PROVIDED MATERIAL START

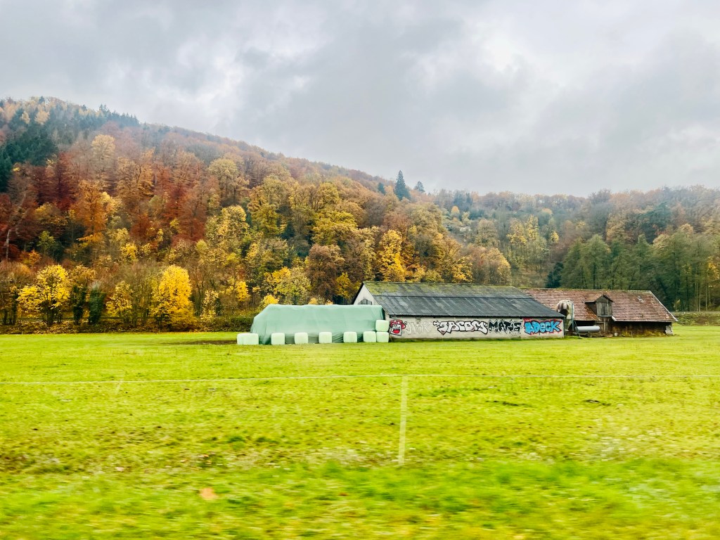Mercredi, 30 novembre 2022. Aujourd’hui, on vise se rendre au Grand Ballon, pour un coup d’œil du haut de ses 1400 et quelques mètres. On monte, on vire, on dévire, encore et encore. Au tournant d’une falaise, mince espoir lumineux! J’y crois, je le veux vraiment fort! Mais non, quelques minutes plus tard, on se heurte à une route bloquée. On était rendues à approximativement 1000 mètres. Bon sang! Y’a même pas de neige… J’espérais tant dépasser les nuages et l’épaisse brume pour un rayon de soleil et un aperçu de la région de là-haut. Faudra revenir!
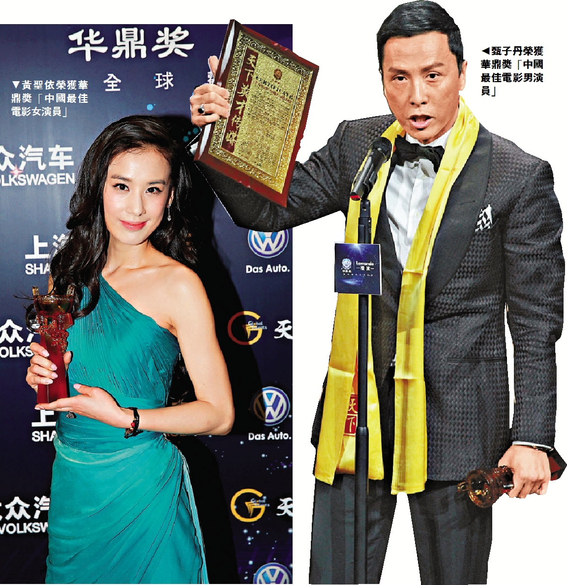 □「第十五屆華鼎獎」昨晚於澳門舉行,「中國最佳電影男演員」及「中國最佳電影女演員」分別由甄子丹及黃聖依奪得,成為華鼎影帝影后;而剛去世的內地女歌手姚貝娜則奪得「中國年度最具人氣歌手」。昨晚紅地毯星光閃閃,不少女星都盛裝赴會,韓國人氣藝人金秀賢出場時,更極受歡迎。
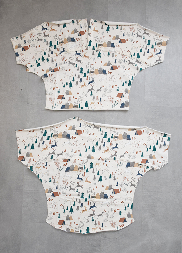 Con las dos caras de la sudadera montadas, enfrentamos los dibujos entre si y cosemos por la parte trasera para unir estas dos piezas dejando sin coser la parte de los puños y la zona del cuello y cintura. Rematamos los dobladillos del final de la sudadera.
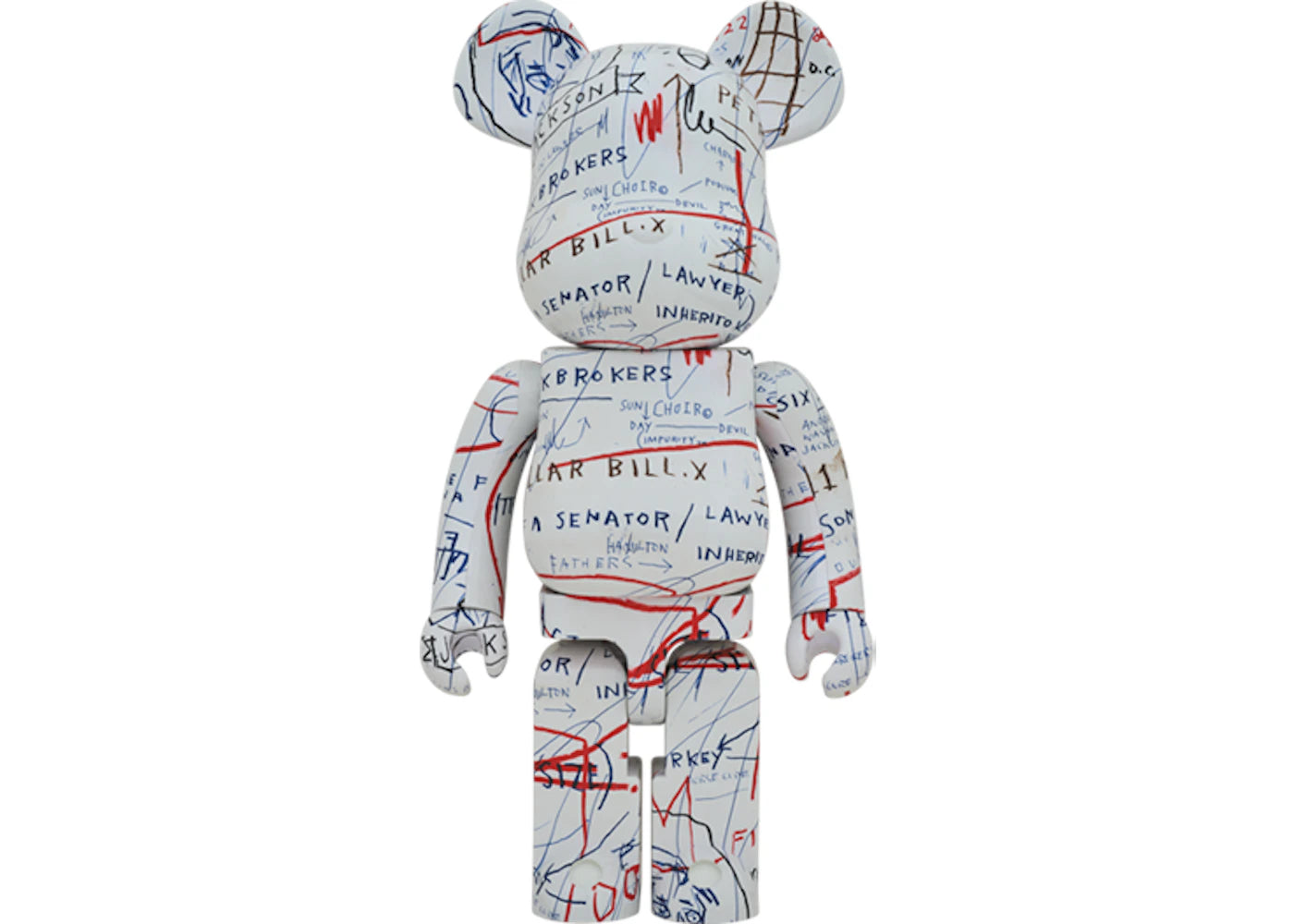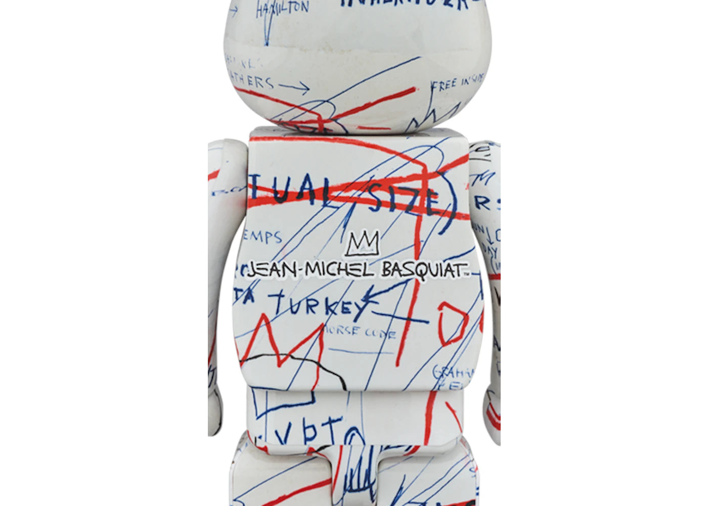 The Jean-Michel Basquiat 1000% Bearbrick features the artist’s 1982 painting ‘Untitled (Jackson)’ across its white base, with blue, black, and red text and drawings. The packaging displays matching artwork. Released...
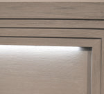 Modern coastal bed with a light and breezy style. Crafted of hardwood solids and quartered cherry veneers in a grey finish. Includes a light in the headboard. Weight Limit: 750 Lbs. | 100% Polyester | CC: W
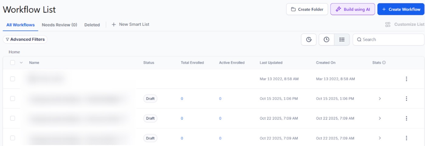 Section titled “Steps to Pause Workflows in”Access the Automation SectionLog in to your account and navigate to the Automation section. Here, you’ll find all your active workflows.

PROVIDED MATERIAL END

What is needed is an exact repeat of only the lines from the one containing "Con las dos" through the last line of the listing above, both ends included, without the pictures.

» **RESULT**:
 Con las dos caras de la sudadera montadas, enfrentamos los dibujos entre si y cosemos por la parte trasera para unir estas dos piezas dejando sin coser la parte de los puños y la zona del cuello y cintura. Rematamos los dobladillos del final de la sudadera.
 The Jean-Michel Basquiat 1000% Bearbrick features the artist’s 1982 painting ‘Untitled (Jackson)’ across its white base, with blue, black, and red text and drawings. The packaging displays matching artwork. Released...
 Modern coastal bed with a light and breezy style. Crafted of hardwood solids and quartered cherry veneers in a grey finish. Includes a light in the headboard. Weight Limit: 750 Lbs. | 100% Polyester | CC: W
 Section titled “Steps to Pause Workflows in”Access the Automation SectionLog in to your account and navigate to the Automation section. Here, you’ll find all your active workflows.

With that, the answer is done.